В этот ранний час отец мой, которому уже не спалось, нагруженный книгами, спускался отворять магазин в первом этаже дома. Какой-то миг, замерев и зажмурившись, он стоял в дверях, не даваясь могучему натиску солнечного пламени. Осолнцованная стена истомно принимала его в свою плоскость, блаженно гладкую и до самоотрицания ровную. На миг он получался плоским отцом, ушедшим в фасад, ощущавшим, как ветвятся руки, подрагивающие и теплые, врубцовываясь заподлицо в золотую штукатурку фасада. (Сколько отцов, ступив с последней ступеньки, навеки вросли в фасады в пять часов утра. Сколько отцов таким манером навечно стали привратниками собственного парадного, барельефами в проеме, с рукою на дверной ручке и лицом, сплошь превращенным в параллельные и добрые морщины, по которым любовно водят потом пальцы сыновей, ища последний отцовский след, навечно теперь втопленный в универсальную улыбку фасада.) Однако последним усилием воли он отъединялся, обретал третье измерение и, вновь очеловеченный, освобождал окованные двери лавки от замков и железных шкворней.

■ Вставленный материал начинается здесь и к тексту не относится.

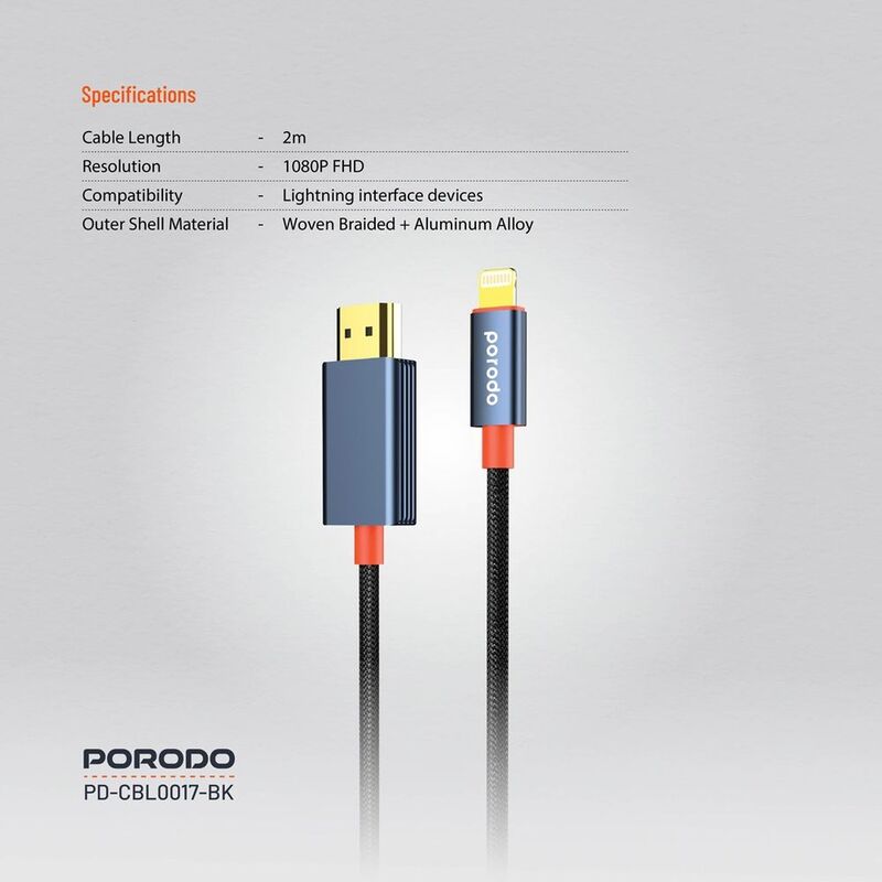 Designed by experts with seamless connectivity in mind, the Porodo Woven Cable Lightning instantly transforms your viewing experience to HDMI. Made from a combination of woven braided material and aluminum alloy, this is durable and looks stylish, offering a premium feel to any setup. It is an impressive 2-meter length and provides ample reach to comfortable viewing without the hassle of tangling. Compatible with any Lightning interface device, it makes perfect use with any effort in connecting your iPhone or iPad to your TV or projector. You'll enjoy super-bright visuals at 1080p Full HD resolution that display crystal-clear images from movies, presentations, and gaming. With plug-and-play functionality, it will be easy to hook up and start streaming in seconds. Take your media experience to the next level with the Porodo Woven Cable Lightning to HDMI, where convenience meets quality.
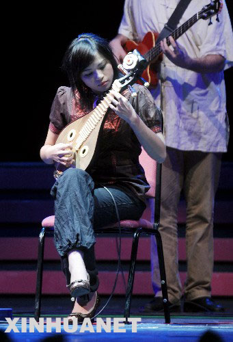 11月26日,臺(tái)灣“絲竹空”爵士樂(lè)團(tuán)在表演爵士樂(lè)《鳳陽(yáng)》。 當(dāng)日,首屆海峽兩岸(廈門(mén))文化產(chǎn)業(yè)博覽交易會(huì)開(kāi)幕式文藝晚會(huì)在廈門(mén)人民會(huì)堂舉行,來(lái)自海峽兩岸的藝術(shù)家同臺(tái)演出,共敘文緣。 新華社記者 姜克紅 攝

А когда отворял он тяжкую, окованную железом дверную створку, ворчливый мрак пятился на шаг от входа, на пядь уходил внутрь, менял место и лениво располагался в лавочном нутре. Незримо курясь с холодных пока плит тротуара, утренняя свежесть робко возникала на пороге слабой текучей струей воздуха. Темнота многих предшествовавших дней и ночей спала внутри, слоями уложенная в непочатых штуках сукна, уходила шпалерами вглубь, толпясь шествиями и странствиями, покуда не пресеклась, обессилев, в самой сути лавки, в темном складе, где уже недифференцированная и насыщенная собой пресуществлялась в глухо бредившую суконную праматерию.
Отец шел вдоль высокой этой стены шевиотов и драпов, ведя рукой по торцам суконных колод, словно по вырезам платьев дамских, и от прикасания его ряды слепых туловов, всегда скорые паниковать и смешивать ряды, утверждались в суконных своих иерархиях и порядках.
Для моего отца лавка была поводом к вечным терзаниям и удрученьям. Творение его рук, она с некоторых пор, расширяясь, ото дня ко дню все настырней наседала, перерастая его грозно и непонятно. Она стала для него непомерной задачей, задачей не по силам, задачей высокой и неразрешенной. Громадность таковой претензии повергала его в трепет. С ужасом видя ее грандиозность, которой даже всею жизнью, поставленной на единственную эту карту, он не мог соответствовать — отец в отчаянии отмечал и легкомыслие приказчиков, несерьезный, беспечный оптимизм, игривую и бездумную их возню, уживавшуюся рядом с великим предприятием. С горькой иронией наблюдал он галереи лиц, не озадаченных никакой заботой, лбов, не увлеченных никакой идеей, до дна читал глаза, невинной легковерности которых не замутняла и малейшая тень предвидения. Чем могла помочь ему при всей своей лояльности и преданности мать? Отсвет грандиозного начинания не достигал ее души, простой и безмятежной. Она не была создана для героических намерений. Разве не видел отец, как за его спиной с одного взгляда находила она взаимопонимание с приказчиками, радуясь всякой безнадзорной минуте, когда можно поучаствовать в бездумном их шутовстве?